The Supreme Court would take a “radical new step” if it determined that a legislative chamber could participate in a lawsuit separately from the state, she said.
Sotomayor suggested the House’s claim that it was harmed by the district court ruling, which failed to fundamentally alter the institution, was weak.
“It may change the membership of individuals,” she said. “But it doesn’t change the processes of the legislature.”
Justice Stephen Breyer wondered aloud if anyone had the legal right to challenge the district court ruling if the state’s Democratic-controlled executive branch failed to do so.
“The governor won’t,” he said in reference to Gov. Ralph Northam. “Because he likes it politically, so who will?”
Breyer asked if there was “a way to challenge standing.”
Virginia Solicitor General Toby Heytens, representing Herring, replied, “I don’t think the court needs to decide in this case.”

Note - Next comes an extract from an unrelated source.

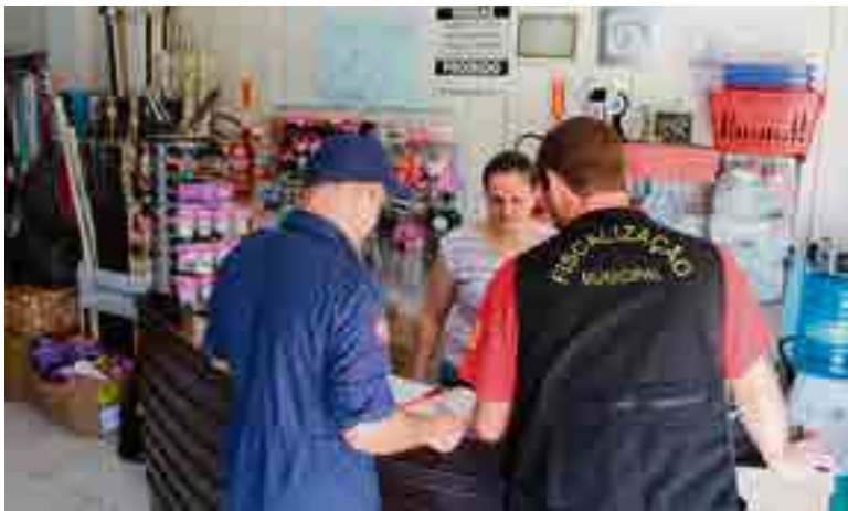
Objetivo foi verificar situação dos alvarás dos Bombeiros
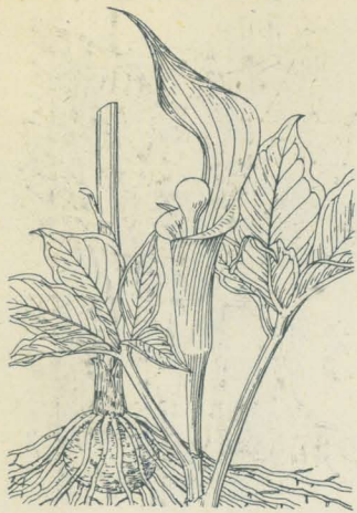
ゆきもちさう 一名 くわんきさう Arisaema sikokianum Franch. et Sav.

中部以南ノ山地樹林下ニ生ズル多年生草本。球莖ハ平圓形。頸部ニ多數ノ鬚根ヲ發出ス。偽莖ハ一本直立シ圓柱形ニシテ多葉、長サ20-30cm許アリ、頂ニ二葉相接近シテ出ツ。葉ハ鳥趾狀葉ニシテ三或ハ五個ノ小葉アリ、小葉ハ橢圓形、兩端概ニ銳尖形ヲ成シ、葉縁全邊或ハ鋸齒アリ、葉面或ハ時ニ白斑アリ。五六月ノ候、葉間ニ有柄ノ一肉穂花序ヲ抽出ス。佛焰苞ハ紫褐色ヲ呈シ、筒部ハ長サ5cm内外、上部喉口ニ近ツキテ急ニ放大シ、鞍部ハ直立シ長サ8cm内外、倒卵狀橢圓形ニシテ先端ハ尾狀銳尖頭ト成リ、下部亦銳尖狀ニ狹窄シテ筒部トノ境界明瞭ナリ。肉穂花序ノ附飾物ハ著シキ棍棒狀ニシテ佛焰苞筒ヨリ超出シ、先端ハ急ニ圓ク膨大シ其色雪白ナルヲ以テ苞トノ對照甚ダ著シ。雌雄異株、雄本ニ在テハ肉穂ノ下部ニ多數ノ雄花ヲ散着シ、雌本ニ在テハ綠色子房ヨリ成ル雌花ヲ集着シ。漿果ハ肉穂軸ニ多數集着シテ卵狀橢圓形ヲ呈シ赤熟ス。和名雪餅草ハ花軸附飾物ノ頭、圓形ニシテ雪白色ナレバ云ヒ、歡喜草ハ人アリ此草ヲ得テ歡喜セルヨリ斯ク名ケタリ。

“I’d like to decide,” Breyer shot back, to laughter from the audience.
Responding to Justice Samuel Alito, Heytens said “no one is disputing there’s a judicially cognizable injury here ... [but it] is to the sovereign whose law was declared unconstitutional, and that sovereign is the Commonwealth of Virginia,” not to the House of Delegates which is just “one of the constituent parts of the state government.”
As to the merits of the case, Justice Brett Kavanaugh seemed to defend the House’s use of race in drawing the map.
If the chamber allowed the black voting population in districts to drop all the way down to 50 percent, Kavanaugh said, lawmakers would get “hammered from the other side” for blocking black voters from having electorally significant majorities.
“I’m wondering why 55 [percent] is so problematic here, given that the states have to have some flexibility,” he said.
Sotomayor said evidence showed detailed racial sorting, sometimes so precise that lines divided streets between white households on one side and black households on the other.
Race has to be the dominant factor “when they’re getting down to the nitty-gritty of what side of the street you live on,” she said.